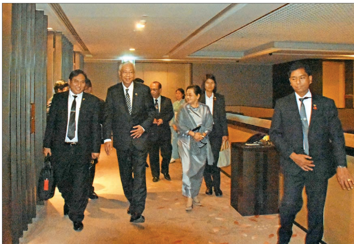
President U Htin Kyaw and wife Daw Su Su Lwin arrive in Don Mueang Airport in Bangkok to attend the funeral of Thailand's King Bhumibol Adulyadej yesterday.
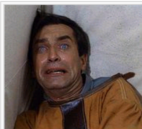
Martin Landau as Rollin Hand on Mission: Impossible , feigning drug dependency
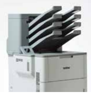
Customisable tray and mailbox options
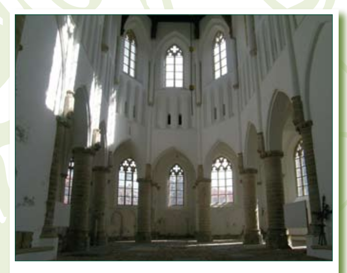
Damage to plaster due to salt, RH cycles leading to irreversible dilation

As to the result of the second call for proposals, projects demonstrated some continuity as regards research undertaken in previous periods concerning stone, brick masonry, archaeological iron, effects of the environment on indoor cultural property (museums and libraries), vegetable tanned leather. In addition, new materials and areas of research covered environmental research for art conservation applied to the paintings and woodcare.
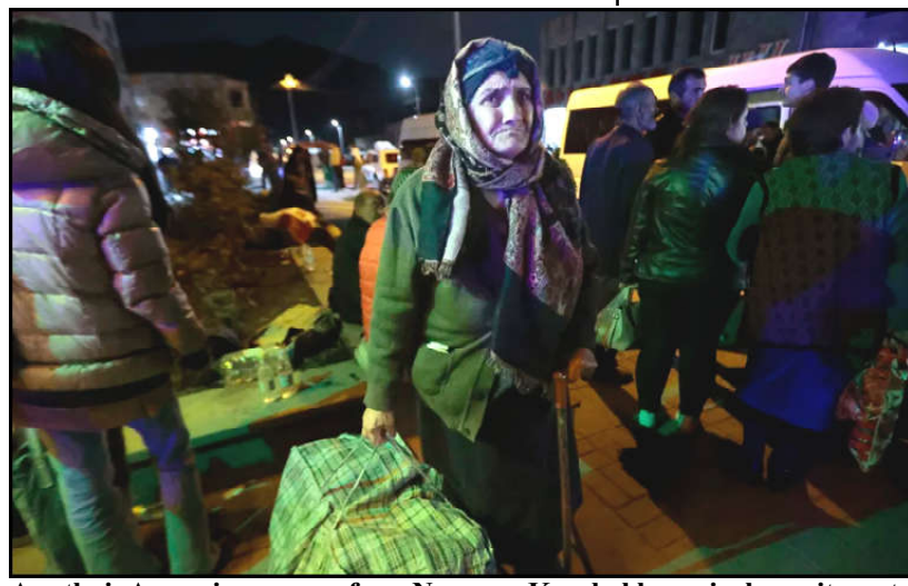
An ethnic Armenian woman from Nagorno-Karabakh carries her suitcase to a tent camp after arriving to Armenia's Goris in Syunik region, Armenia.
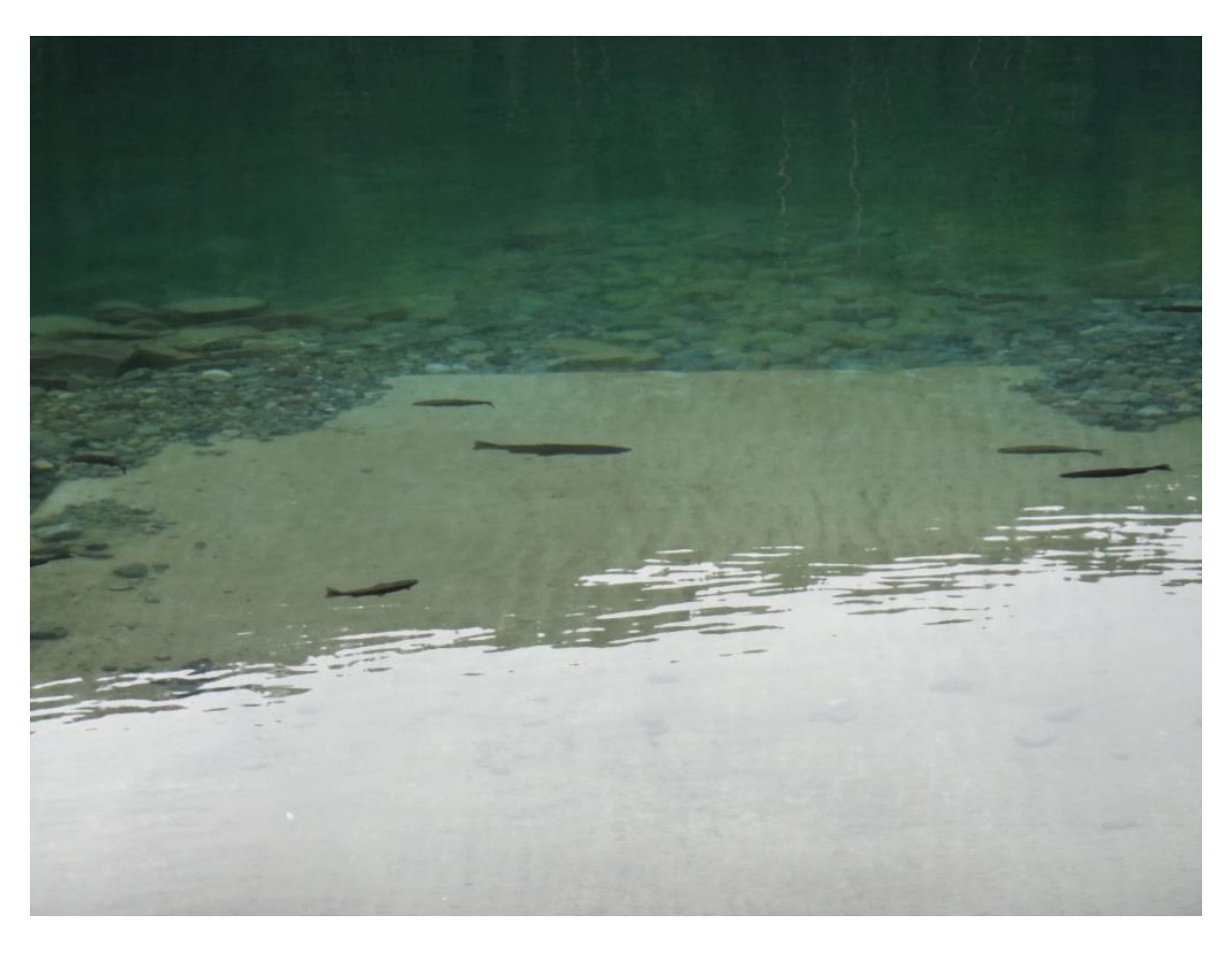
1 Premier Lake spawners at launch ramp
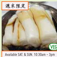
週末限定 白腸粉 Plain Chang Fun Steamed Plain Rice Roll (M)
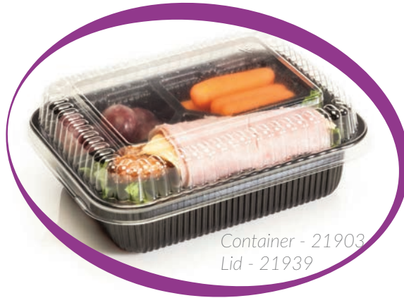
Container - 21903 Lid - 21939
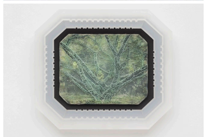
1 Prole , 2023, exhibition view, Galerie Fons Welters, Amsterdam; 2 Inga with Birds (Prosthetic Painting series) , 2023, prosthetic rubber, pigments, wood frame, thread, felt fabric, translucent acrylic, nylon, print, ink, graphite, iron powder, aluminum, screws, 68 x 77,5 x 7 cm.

....

**Exercise aim:** Work from the entries above. Set down exactly and only the lines from the line with "週末限定 白腸粉 Plain" to the line with "Container - 21903 Lid - 21939", both included, and leave the pictures out.

**Expected answer:**
週末限定 白腸粉 Plain Chang Fun Steamed Plain Rice Roll (M)
Container - 21903 Lid - 21939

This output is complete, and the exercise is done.